■ Given material
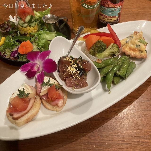 合鴨とカマンベール、マグロのアヒポキ、季節のピクルス、キッシュなどなど。
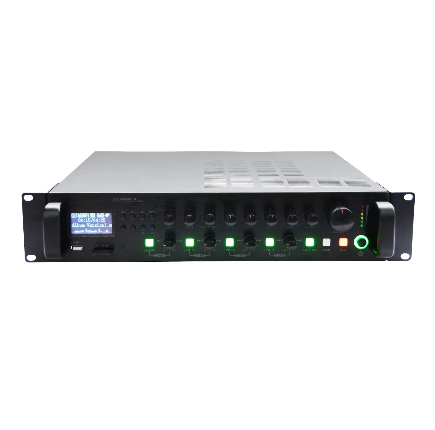 Радиоузел SVS Audiotechnik MA-240 PRO — это трансляционный радиоузел на 4 регулируемые зоны. Мощность усилителя — 240 Вт. Поддерживает MP3, USB, FM, SD Card и Bluetooth. Имеет клавиши CHINE и FIRE, внешнюю Bluetooth-антенну и приоритетные входы для аварийного оповещения.
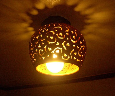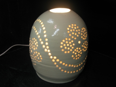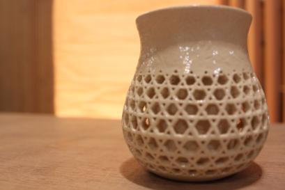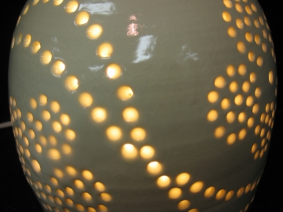 ![]() 蛍手の陶灯 たくさんの穴に釉薬を詰めて焼き上げた苦労の一品です。構図も可愛いく、光をいれてもきれいで、とっても家の中が明るくなりそうですね。 |
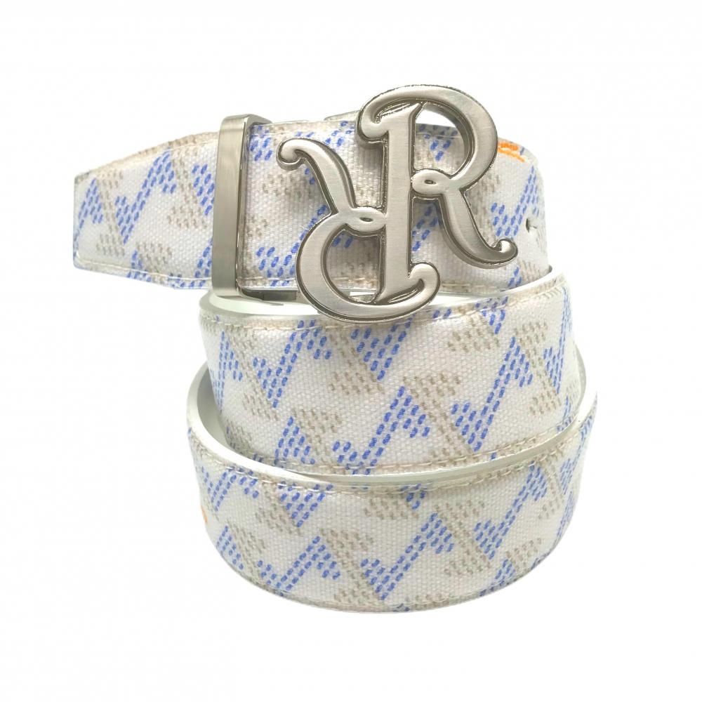 超 レザレクション ベルト 白×ブルー 総柄 ロゴバックル レディース ゴルフウェア Resurrection

■ Prompt
Except for the pictures, give all the material above again verbatim.

■ Answer space
 合鴨とカマンベール、マグロのアヒポキ、季節のピクルス、キッシュなどなど。
 Радиоузел SVS Audiotechnik MA-240 PRO — это трансляционный радиоузел на 4 регулируемые зоны. Мощность усилителя — 240 Вт. Поддерживает MP3, USB, FM, SD Card и Bluetooth. Имеет клавиши CHINE и FIRE, внешнюю Bluetooth-антенну и приоритетные входы для аварийного оповещения.
 ![]() 蛍手の陶灯 たくさんの穴に釉薬を詰めて焼き上げた苦労の一品です。構図も可愛いく、光をいれてもきれいで、とっても家の中が明るくなりそうですね。 |
 超 レザレクション ベルト 白×ブルー 総柄 ロゴバックル レディース ゴルフウェア Resurrection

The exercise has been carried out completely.